WHAT YOU ARE ASKED TO DO
In the material below, the lines between the one holding "本を持ち長い髪の眠るシュミットは可愛い以外の言葉がない。" and the one holding "À l'extérieur, un", inclusive, are to be set down word for word. Pictures stay out.

EXCERPTED RECORDS
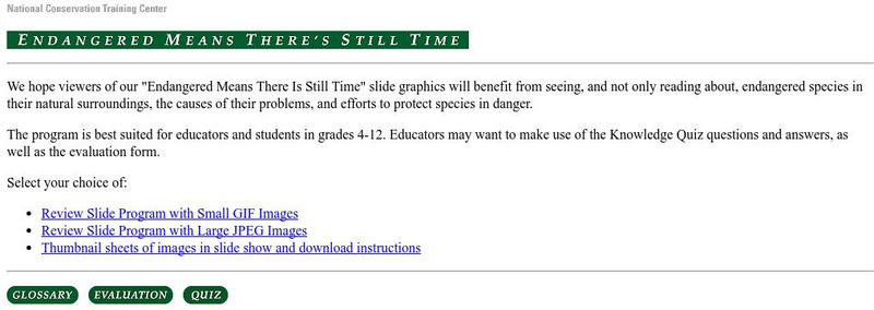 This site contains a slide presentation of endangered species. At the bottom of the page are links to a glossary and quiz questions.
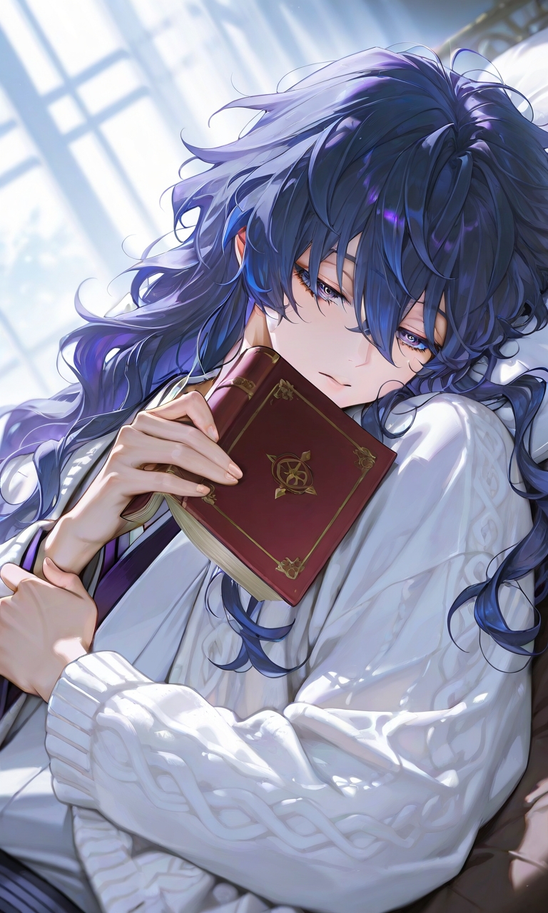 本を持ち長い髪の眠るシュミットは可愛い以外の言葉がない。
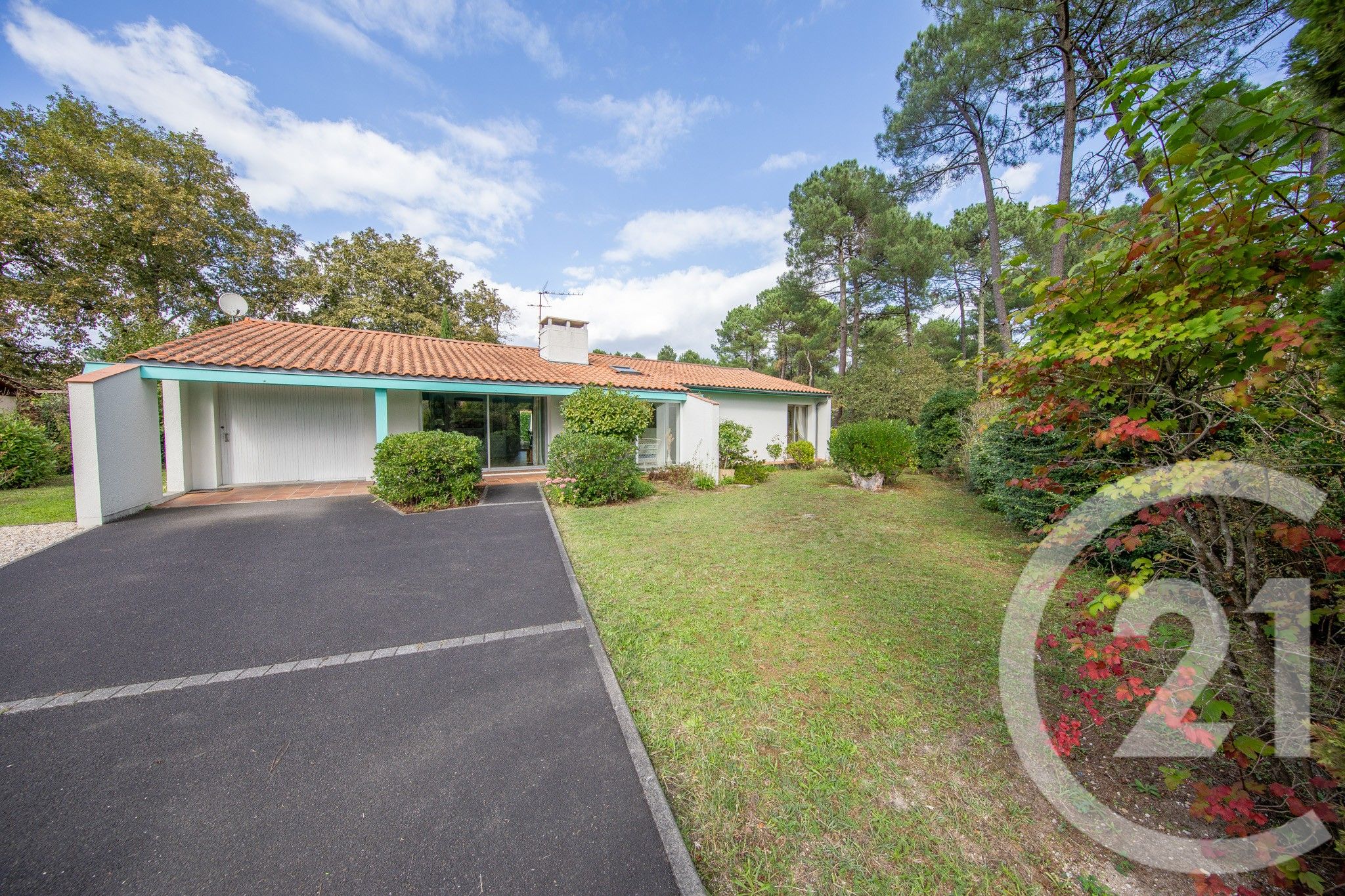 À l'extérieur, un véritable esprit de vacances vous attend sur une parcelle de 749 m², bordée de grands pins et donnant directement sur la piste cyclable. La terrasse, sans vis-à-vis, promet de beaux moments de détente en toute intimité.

==

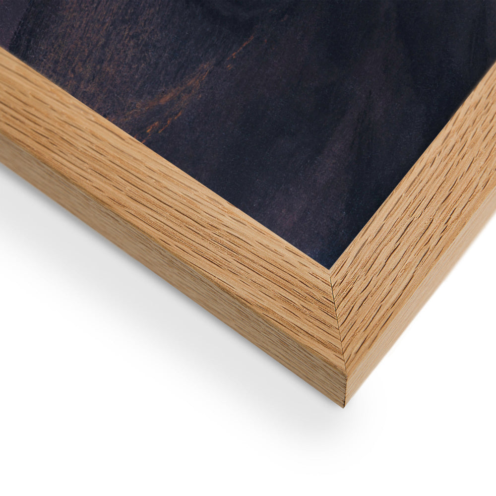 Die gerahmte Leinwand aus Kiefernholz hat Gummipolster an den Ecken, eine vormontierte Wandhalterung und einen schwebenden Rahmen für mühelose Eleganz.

EXERCISE ANSWER
 本を持ち長い髪の眠るシュミットは可愛い以外の言葉がない。
 À l'extérieur, un véritable esprit de vacances vous attend sur une parcelle de 749 m², bordée de grands pins et donnant directement sur la piste cyclable. La terrasse, sans vis-à-vis, promet de beaux moments de détente en toute intimité.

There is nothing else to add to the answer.